A Companhia de Engenharia de Tráfego (CET) informa que a Rua Brigadeiro Armando Trompowsky possui restrição ao trânsito de caminhões e é fiscalizada pelos agentes de trânsito. Caminhões que circulam pela via, exceto veículos autorizados, cometem infração média e são punidos por transitarem em local e horário não permitidos. Salienta que a via não possui volume significativo de caminhões. Acrescenta que, sempre que necessário, a população pode acionar a CET pelo 1188 para relatar irregularidades e acionar equipes de fiscalização para o local.
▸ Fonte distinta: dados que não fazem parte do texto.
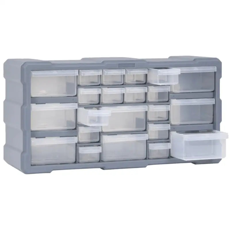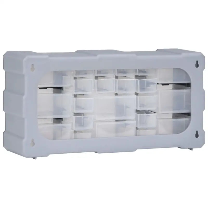 Deze opberger heeft 14 kleine lades en 8 medium lades om aan verschillende behoeften te voldoen. Hij houdt je handgereedschappen en accessoires, zoals bevestigingsmiddelen, georganiseerd en binnen handbereik. De gereedschapsorganiser is gemaakt van slagvast kunststof, dat zowel duurzaam als stabiel is. De lades zijn gemaakt van doorzichtig kunststof zodat je de inhoud snel kunt zien. Hij is ideaal voor het opbergen van moeren, bouten, schroeven, spijkers, algemene bevestigingsmiddelen en onderdelen.

A leitora comenta: Quero saber quais são esses critérios de volume de tráfego significativo e quantas vezes vieram fiscalizar o local e multar esses veículos. Diariamente vejo de 4 a 5 caminhões transitando por essa rua para fugir do rodízio. Além disso, nunca vi nenhum agente da CET multando esses veículos. Acredito que eles deveriam reforçar a fiscalização a partir de agora.

COBRANÇA INDEVIDA

NET não cancela serviço

No dia 30/10 enviei um e-mail para a Coluna reclamando da NET, pois eu havia solicitado o cancelamento do contrato e a empresa continuava emitindo boleto de cobrança. Peço ajuda novamente, pois a NET continua cobrando, mesmo já tendo cancelado o serviço há 4 meses! Acredito que a empresa possa ter agido de má-fé, pois, apesar de estar sem uso, não retirou o equipamento durante todos esses meses da minha antiga residência, fazendo-o só agora. Após reclamação feita no Estadão, recebi uma ligação de um funcionário informando que, a partir daquele momento, o serviço estava cancelado. Mas depois recebi outra carta de cobrança. Todas as vezes que ligo os funcionários dizem que o serviço não estava cancelado, pois havia cobrança em aberto. Não paguei e não vou pagar por um serviço que não tenho.

MÁRCIA CRISTINA P. FELICIAN

/ SÃO PAULO

A NET informa que contatou a cliente e o caso foi esclarecido.

A leitora informa: Não sei se o problema foi mesmo resolvido. Recebi uma ligação informando que o equipamento fora retirado e os boletos seriam desconsiderados. Na última vez em que recebi essa resposta, continuei recebendo ligações da empresa no meu celular quase me intimando a pagar. Eles falam para eu transferir a minha assinatura para terceiros ou para eu falar com o departamento financeiro.